Work request:
All lines below starting at the one that holds "内側はペパグリーンのドット柄とフラワー柄の" and ending at the one that holds "Informujemy, że Gmina" should be printed exactly, ends included. Pictures should not be printed, nor anything else.

Records for this exercise:
════════
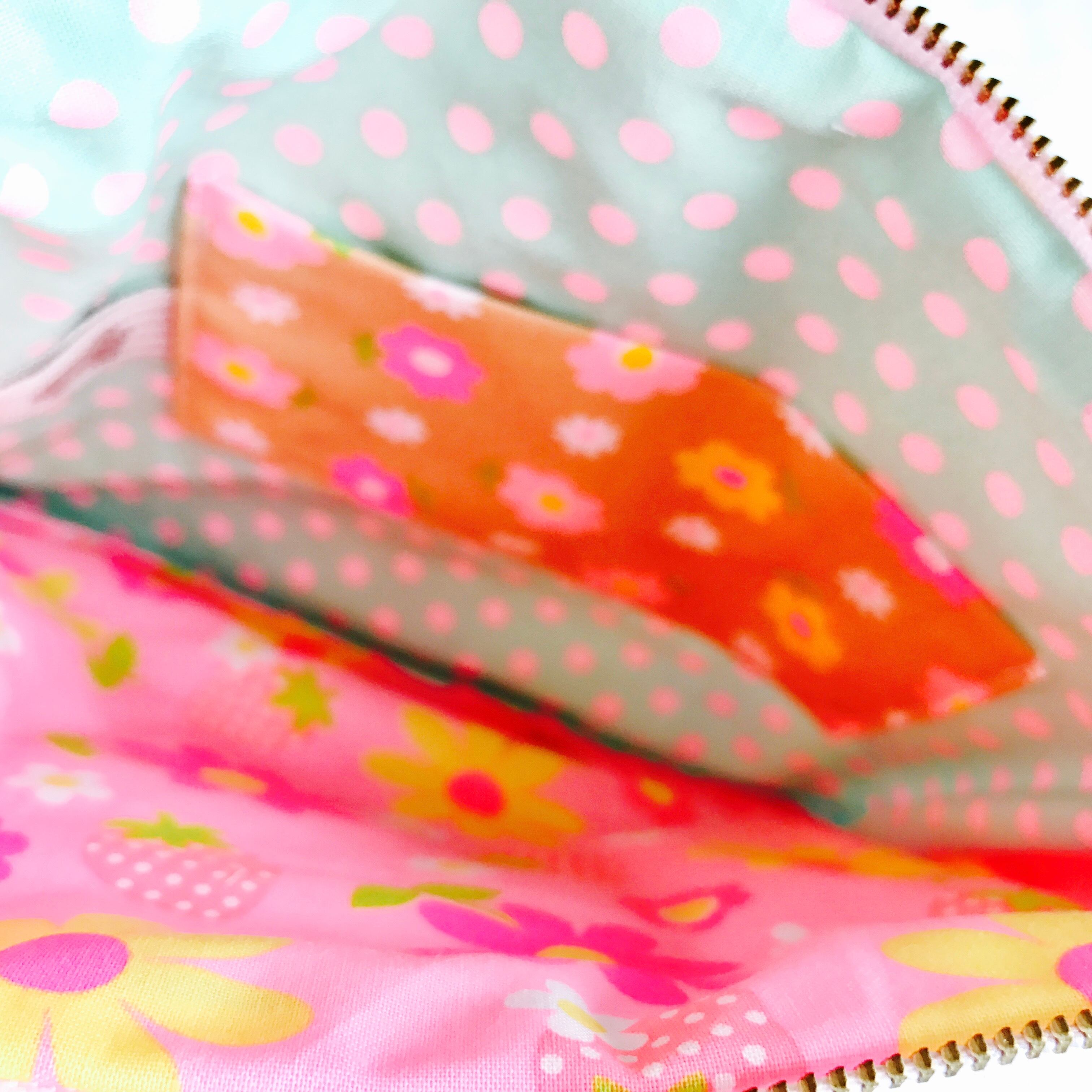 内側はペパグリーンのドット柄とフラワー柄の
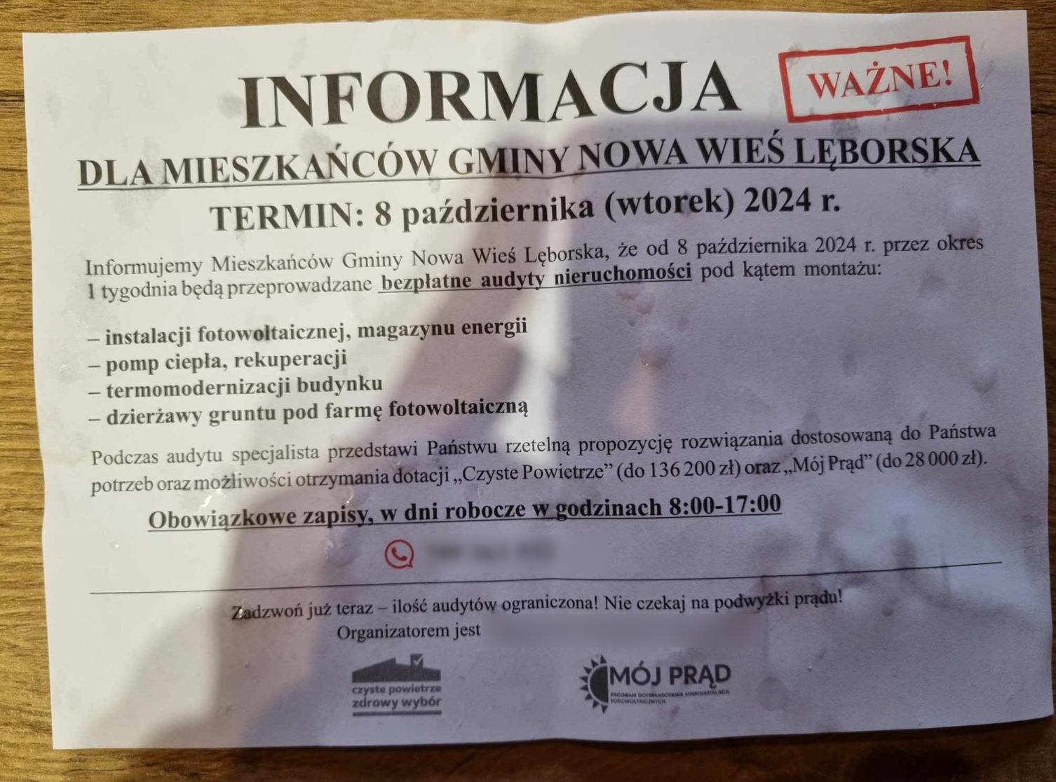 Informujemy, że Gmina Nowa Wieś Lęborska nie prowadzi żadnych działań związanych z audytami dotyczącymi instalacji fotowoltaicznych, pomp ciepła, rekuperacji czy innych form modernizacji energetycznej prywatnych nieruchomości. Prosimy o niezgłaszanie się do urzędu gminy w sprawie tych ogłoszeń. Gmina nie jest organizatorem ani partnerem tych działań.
════════
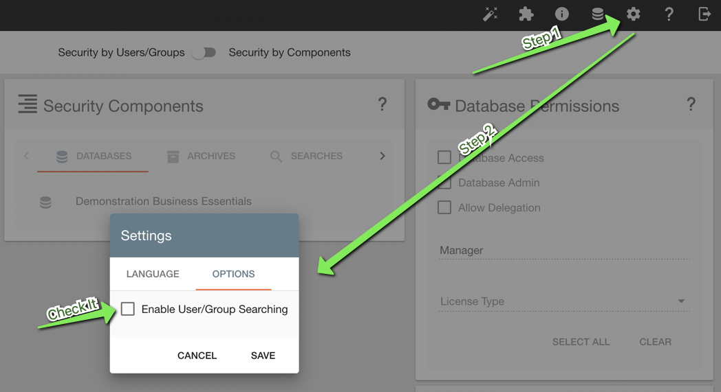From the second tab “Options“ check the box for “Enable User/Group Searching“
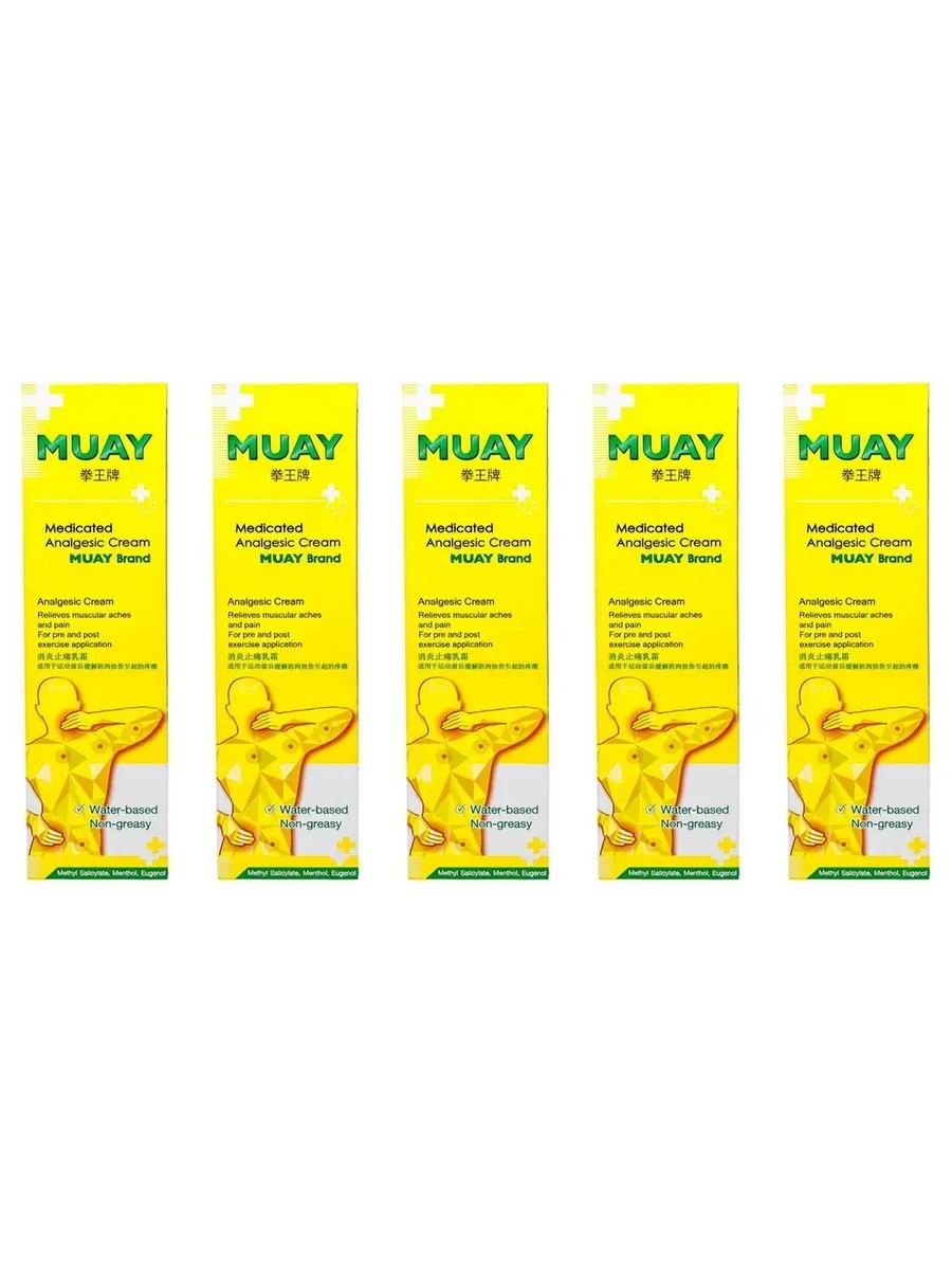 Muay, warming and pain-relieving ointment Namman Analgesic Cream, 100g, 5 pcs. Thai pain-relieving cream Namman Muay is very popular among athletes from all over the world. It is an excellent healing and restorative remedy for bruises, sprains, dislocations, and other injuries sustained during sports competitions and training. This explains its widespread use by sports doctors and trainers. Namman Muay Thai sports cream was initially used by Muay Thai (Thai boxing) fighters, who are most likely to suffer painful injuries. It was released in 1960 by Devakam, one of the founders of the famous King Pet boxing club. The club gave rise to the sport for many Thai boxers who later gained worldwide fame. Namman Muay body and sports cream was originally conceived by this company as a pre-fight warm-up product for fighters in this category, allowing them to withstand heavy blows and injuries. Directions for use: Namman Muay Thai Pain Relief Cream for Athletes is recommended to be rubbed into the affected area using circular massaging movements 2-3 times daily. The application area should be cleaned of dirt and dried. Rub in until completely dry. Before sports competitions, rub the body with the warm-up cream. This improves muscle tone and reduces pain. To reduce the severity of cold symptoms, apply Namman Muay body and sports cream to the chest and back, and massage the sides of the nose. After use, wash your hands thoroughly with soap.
════════
Task answer:
 内側はペパグリーンのドット柄とフラワー柄の
 Informujemy, że Gmina Nowa Wieś Lęborska nie prowadzi żadnych działań związanych z audytami dotyczącymi instalacji fotowoltaicznych, pomp ciepła, rekuperacji czy innych form modernizacji energetycznej prywatnych nieruchomości. Prosimy o niezgłaszanie się do urzędu gminy w sprawie tych ogłoszeń. Gmina nie jest organizatorem ani partnerem tych działań.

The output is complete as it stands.